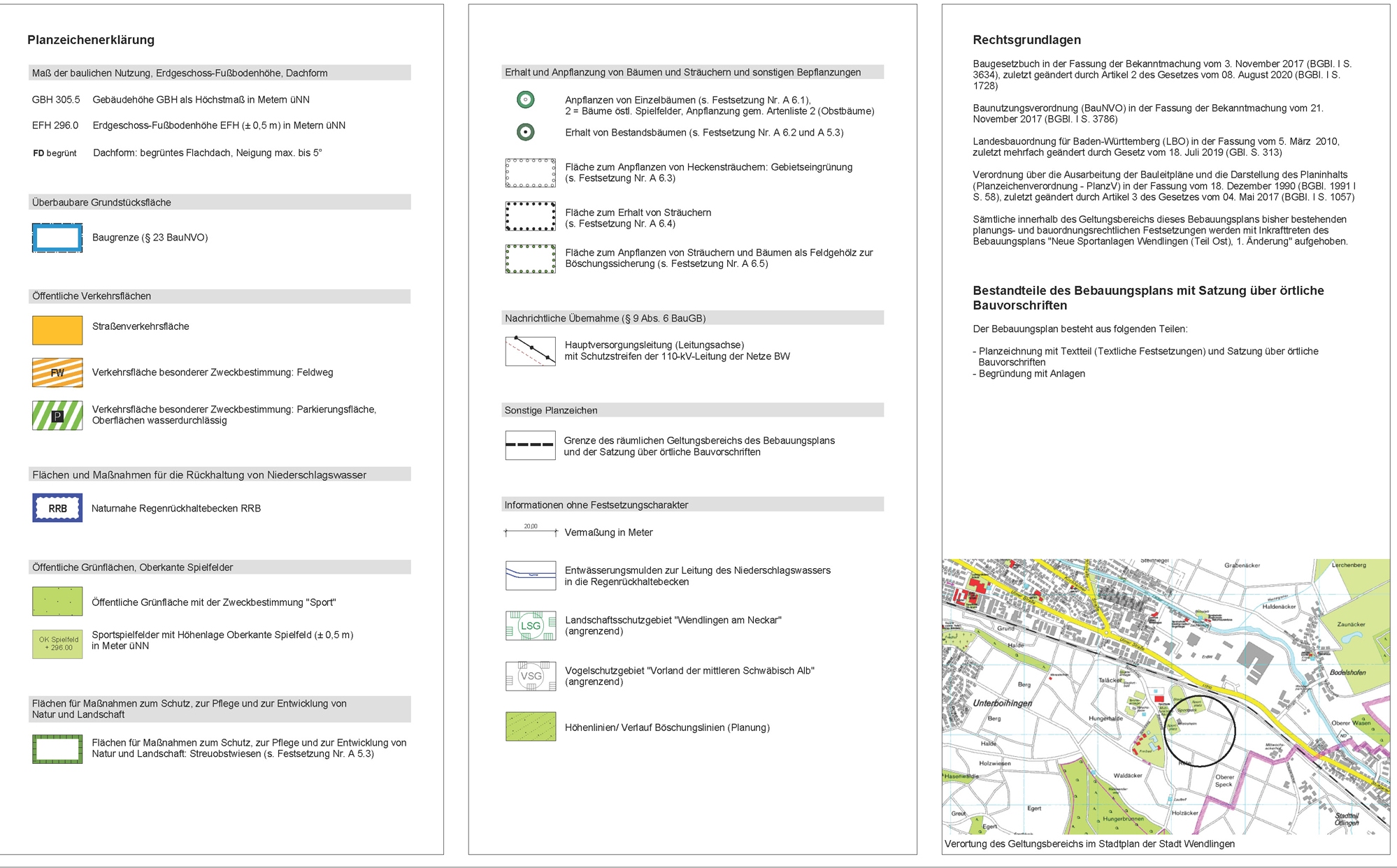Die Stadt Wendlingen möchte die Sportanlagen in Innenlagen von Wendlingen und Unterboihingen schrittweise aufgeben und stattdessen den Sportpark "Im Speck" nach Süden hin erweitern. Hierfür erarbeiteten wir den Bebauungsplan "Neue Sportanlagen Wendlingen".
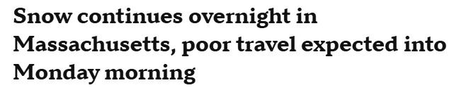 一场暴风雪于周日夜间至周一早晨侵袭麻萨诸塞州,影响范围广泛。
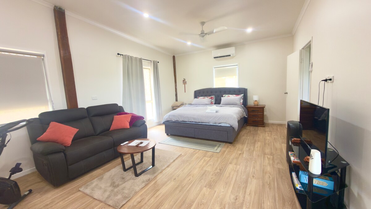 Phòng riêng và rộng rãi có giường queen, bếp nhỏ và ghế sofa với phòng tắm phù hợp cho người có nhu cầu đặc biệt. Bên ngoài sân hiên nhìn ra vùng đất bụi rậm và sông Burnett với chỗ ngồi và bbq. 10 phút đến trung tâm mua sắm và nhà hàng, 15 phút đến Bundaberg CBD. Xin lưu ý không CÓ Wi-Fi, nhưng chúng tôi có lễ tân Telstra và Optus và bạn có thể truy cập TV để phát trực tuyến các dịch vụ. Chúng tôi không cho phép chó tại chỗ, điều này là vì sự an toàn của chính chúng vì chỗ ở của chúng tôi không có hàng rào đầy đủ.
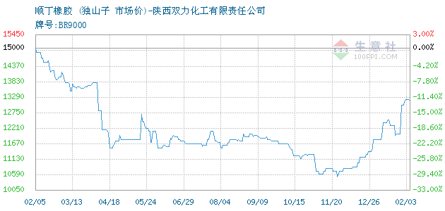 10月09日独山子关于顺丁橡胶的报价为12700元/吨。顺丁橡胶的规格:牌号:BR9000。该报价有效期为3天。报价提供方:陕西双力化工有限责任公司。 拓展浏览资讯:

+ + +

=== WHAT YOU ARE ASKED TO DO ===
Write out everything in the data word for word. Omit each picture.

=== ANSWER FOR THIS EXERCISE ===
Die Stadt Wendlingen möchte die Sportanlagen in Innenlagen von Wendlingen und Unterboihingen schrittweise aufgeben und stattdessen den Sportpark "Im Speck" nach Süden hin erweitern. Hierfür erarbeiteten wir den Bebauungsplan "Neue Sportanlagen Wendlingen".
 一场暴风雪于周日夜间至周一早晨侵袭麻萨诸塞州,影响范围广泛。
 Phòng riêng và rộng rãi có giường queen, bếp nhỏ và ghế sofa với phòng tắm phù hợp cho người có nhu cầu đặc biệt. Bên ngoài sân hiên nhìn ra vùng đất bụi rậm và sông Burnett với chỗ ngồi và bbq. 10 phút đến trung tâm mua sắm và nhà hàng, 15 phút đến Bundaberg CBD. Xin lưu ý không CÓ Wi-Fi, nhưng chúng tôi có lễ tân Telstra và Optus và bạn có thể truy cập TV để phát trực tuyến các dịch vụ. Chúng tôi không cho phép chó tại chỗ, điều này là vì sự an toàn của chính chúng vì chỗ ở của chúng tôi không có hàng rào đầy đủ.
 10月09日独山子关于顺丁橡胶的报价为12700元/吨。顺丁橡胶的规格:牌号:BR9000。该报价有效期为3天。报价提供方:陕西双力化工有限责任公司。 拓展浏览资讯:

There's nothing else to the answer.